The calibrants you need (and provided by iGEM headquarters within the Distribution Kit) are:
- Fluorescein Sodium Salt - green fluorescent calibrant (Dried down. Resuspend in 1mL PBS 1X to get the stock solution at 100uM)
- Monodisperse Silica Nanoparticles - optical density/bacterial cell count calibrant (850 uL solution in Water per tube, 3e9 beads/mL)
Once you have completed the calibration protocol, enter the data into the datasheet-calibration.xlsx.
Data Validation
After completing the calibration protocol, evaluate the data against the following criteria to ensure it meets the required quality standards. These checks help identify major errors in protocol execution or reporting.
- Water measurements have a lower OD than microsphere measurements
- Water OD measurements are not negative
- Fluorescein fluorescence measurements generally decreases with increasing dilution
- Microsphere absorbance measurements generally decreases with increasing dilution
- PBS-only fluorescence measurements are not negative.
- All replicates are present for every sample
- Saturation (Low & High) ?
- Dilution Levels ?
If your data meets all of the above criteria, then you can
Cell Fluorescence Protocol
In this protocol you will measure the optical density and fluorescence of your constructs in cells. This is a multi-day protocol.
You will grow cultures overnight and then dilute those cultures to a known OD 600nm absorbance. These will be aliquoted into a 96-well plate for the 0hr timepoint, with the remaining diluted culture grown for 6 hours. The 6hr culture will be aliquoted into a second 96-well plate for the 6hr timepoint. For each plate you will measure fluorescence and absorbance.
You must also use the same settings (e.g., filters or excitation and emission wavelengths) that you used in your calibration measurements. If you do not use the same type of plates, volumes, and settings, the measurements will not be valid.
Once you’ve completed the protocol, you will enter the data into the datasheet-cell-fluorescence.xlsx.
Data validation
The criteria are:
- Cell sample fluorescence measurements are within the range covered by fluorescein samples (calibrant data).
- Positive control is brighter than negative control at 6 hours and also greater than zero
- At least half of cell sample ODs increase significantly from 0 hours to 6 hours (i.e., cells are generally alive and growing)
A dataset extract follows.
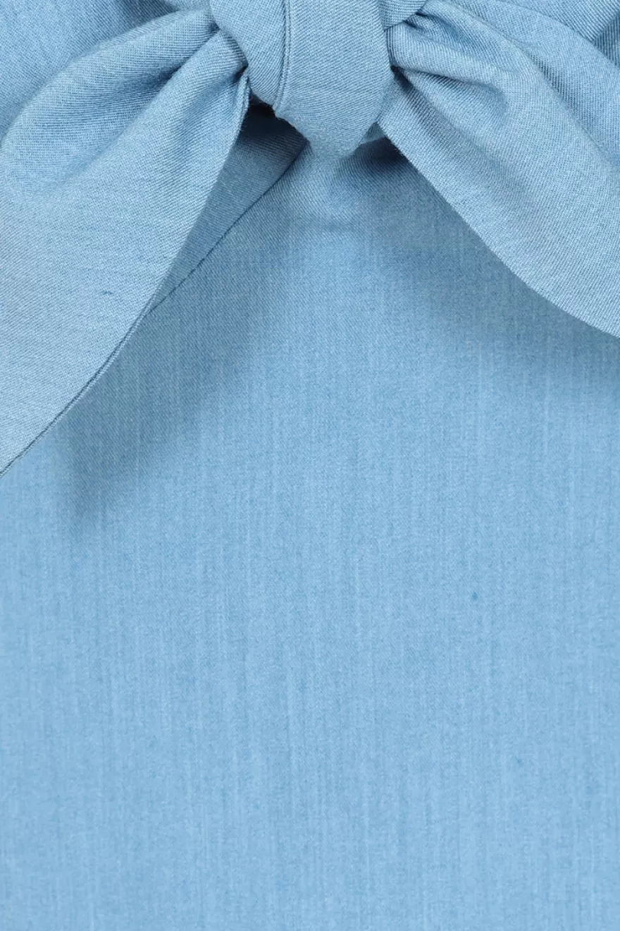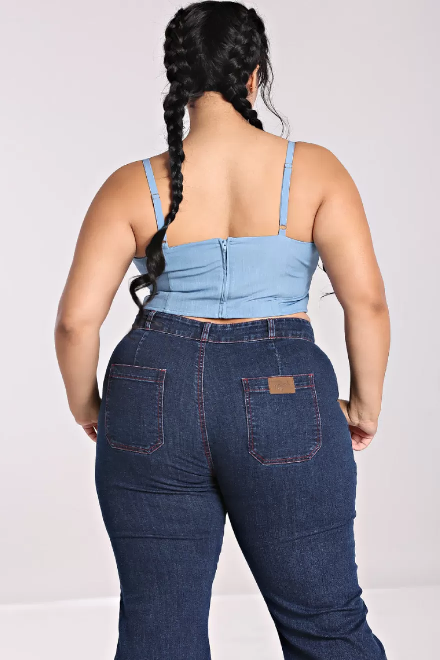 Light blue crop topAdjustable spaghetti straps in self fabricSweetheart neckline, tie up bust detailLength to waistlineZ…

- Fluorescence/OD measurements for constructs at 6 hours span at least a 10-fold range (i.e., there is at least some significant variability in fluorescence expression)
- All replicates are present for every sample.
Data conversion
Data analysis
- How will you analyse your data?
- What analysis is required to determine if your system is functioning as intended? For example, will you compare test samples to controls?
- How many repeats will you need to perform this analysis to an acceptable degree of confidence?
- How will you report your data?
- What are the crucial results from your experiments?
- How can you present your data in an easily understandable format?
- How can you make your full data set available for transparency and reproducibility?
- How can your measurements be used by others?
- Is there any metadata required to ensure others can repeat your experiments?
- Are you able to test your system modularly so others can easily re-use parts of your design and understand how that aspect will function?